WHAT TO WORK ON - If pictures appear among the lines below, leave them out while you return exactly the lines from the one with "Dokument 143 ;" through the one with "Логотип спереди, открытый".
*** PROVIDED RECORDS Section Begins ***
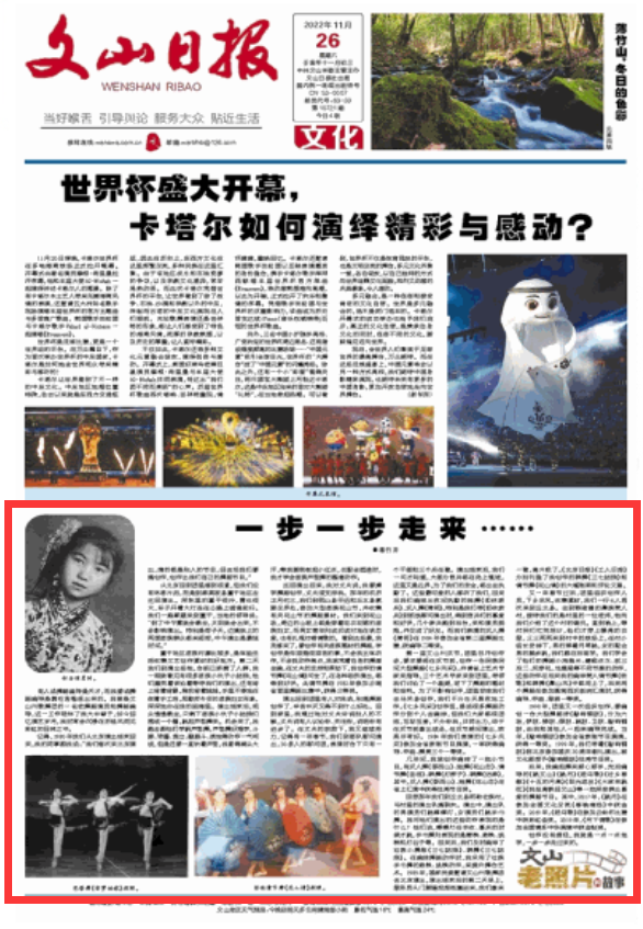 回想那年我们到丘北县雨勒壮族村,与村里的演出队搞联欢。演出中,演出队的男演员们跳棒棒灯,女演员们跳手巾舞。我问他们演出的这些动作表现的是什么?他们说,棒棒灯在丰收、喜庆的时候才跳,手巾舞则表现的是撒秧、栽秧、挑秧和打谷子等。回来后,我们及时编排了壮族小舞剧《三七姑娘》、群舞《三七姑娘》。在编排舞蹈动作时,我采用了壮族手巾舞的栽秧、挑秧动作,来提升舞台艺术。1989年,国家民委邀请文山州歌舞团去北京演出,演出结束后的第二天早上,服务员从门脚缝把报纸塞进来,我们拿来一看,高兴极了。《北京日报》《工人日报》分别刊登了我创作的群舞《三七姑娘》和情节舞《花山情》的大幅剧照和评论文章。
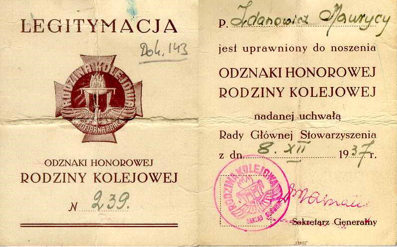 Dokument 143 ; Legitymacja Odznaki Honorowej Rodziny Kolejowej dla Maurycego Zdanowicza.
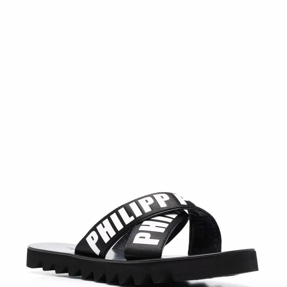Логотип спереди, открытый носок, перекрестные ремешки, стелька с логотипом и ребристая резиновая подошва. Цвет: черный.
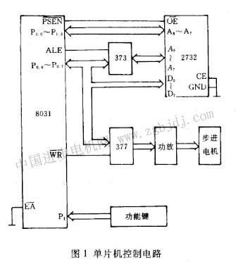 圖l所示電路以8031單片機為核心,外擴程序存儲器2732、地址鎖存器74LS377、輸出控制鎖存器74LS377及功能鍵等。單片機輸出控制字由Po口數(shù)據(jù)總絨經(jīng)過鎖存器74LS377輸給步進電動機的功放電路,8031的P1口設(shè)置為位控方式,通過各功能鍵輸入控制指令實現(xiàn)對步進電動機的開環(huán)控制,P.口各引腳功能為:
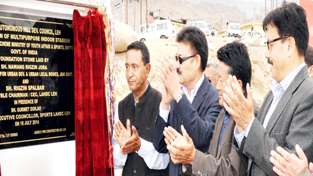 LEH July 18: The Minister for Urban Development and Local Bodies, Nawang Rigzin Jora along with CEC, LAHDC, Leh, Rigzin Spalbar laid the foundation stone of Multipurpose Indoor Stadium here today.
*** PROVIDED RECORDS Section Ends ***
EXERCISE RESPONSE -
 Dokument 143 ; Legitymacja Odznaki Honorowej Rodziny Kolejowej dla Maurycego Zdanowicza.
Логотип спереди, открытый носок, перекрестные ремешки, стелька с логотипом и ребристая резиновая подошва. Цвет: черный.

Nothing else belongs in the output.